While we hold that the evidence here was sufficient to support a finding of substantial bodily harm, we note that the Court of Appeals majority erroneously indicated that impairment of Chang's arm and shoulder caused by pain was sufficient to support a finding of substantial bodily harm. Pain, by itself, no longer constitutes substantial bodily harm. See RCW 9A.04.110(4)(b); cf. former RCW 9A.04.110(4)(b) (1988). And Chang did not testify that pain caused an impairment of his arm or shoulder. Thus, the arm and shoulder pain would not have supported a finding of substantial bodily harm.

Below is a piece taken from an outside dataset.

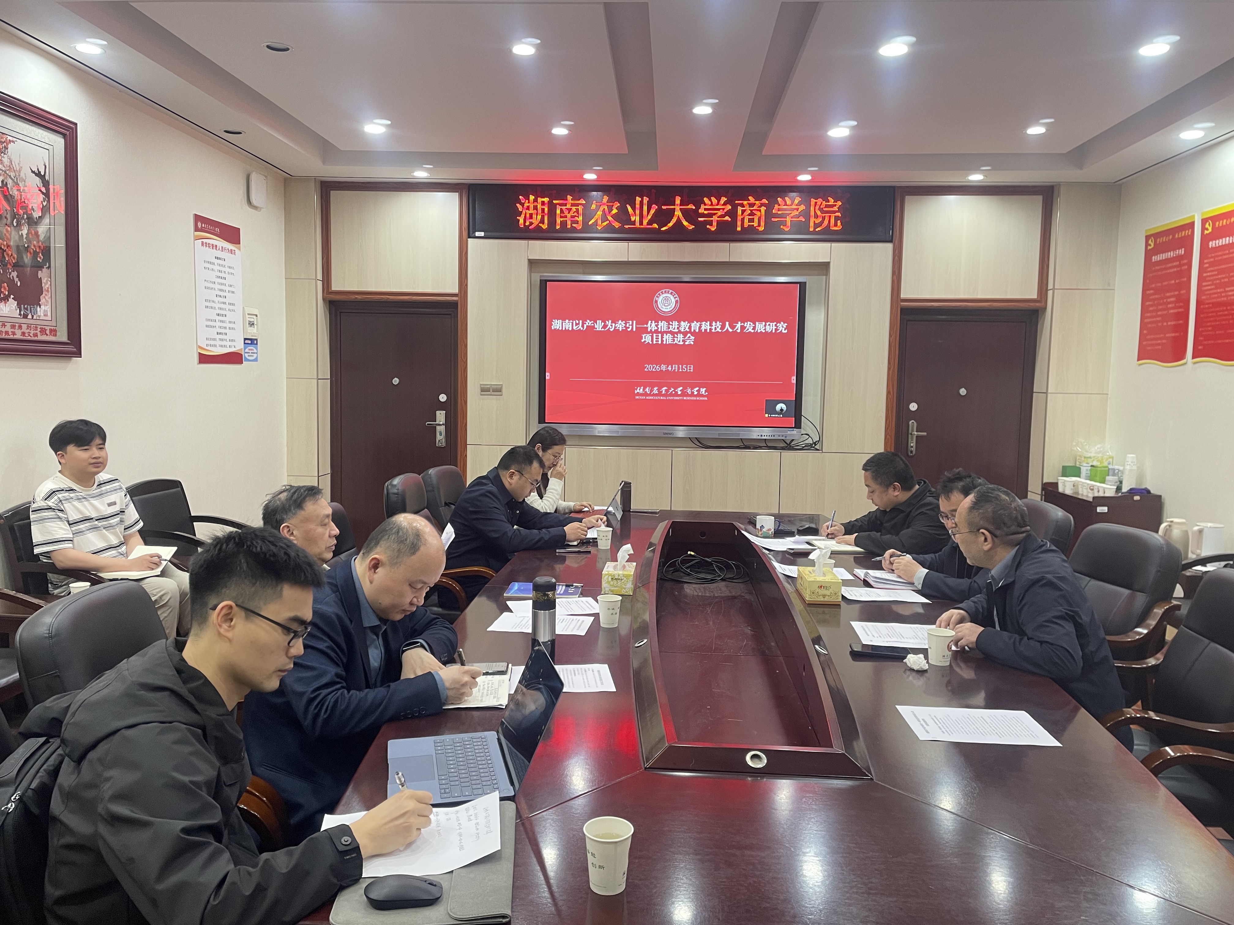 本网讯(商学院 翦润芳)4月15日,商学院召开“湖南以产业为牵引一体推进教育科技人才发展”省社科重大项目推进会,旨在扎实推进项目研究各项工作落地见效。社会科学处处长匡远配、商学院副院长唐文源、国家社科重大项目首席专家罗光强及课题研究团队成员参加,商学院院长杨亦民主持。

¶ 10 Finally, on July 12, 2011, McKague filed pro se motions seeking to admit still photographs from a surveillance video of the assault into the appellate record and seeking to file a supplemental petition for review adding arguments that McKague raised in the Court of Appeals but omitted from his original petition for review. Apparently, the video was admitted at trial but was not included in the appellate record. But the video may not properly be considered by this court because it was not before the Court of Appeals. See RAP 13.7(a)(1) (record in Court of Appeals is record on review in this court). And if McKague believes that the video was necessary to evaluate his claim that the evidence does not support the jury's verdict, he was obliged to make a good faith effort to include the video in the record on review. RAP 9.10. He fails to establish that he made such a good faith effort or that the present record is not sufficiently complete to permit a decision on the merits of his claim. Id. In his motion to file a supplemental petition for review, McKague seeks to add an argument challenging a jury instruction that he contends improperly required the jury to find recklessness in causing substantial bodily harm if it found that he intentionally assaulted Chang. McKague also seeks to add an argument asserting ineffective assistance of counsel based on his trial attorney's withdrawn request for a lesser degree offense instruction on fourth degree assault. But since McKague waited to file his motion to file a supplemental petition until well after the original petition was considered by a department of this court, the motion is clearly untimely. For these reasons, we deny
We note that the Court of Appeals discussed and rejected both of the arguments that McKague seeks to raise in the proposed supplemental petition for review.
both of McKague's motions filed July 12, 2011.
¶ 11 The Court of Appeals is affirmed.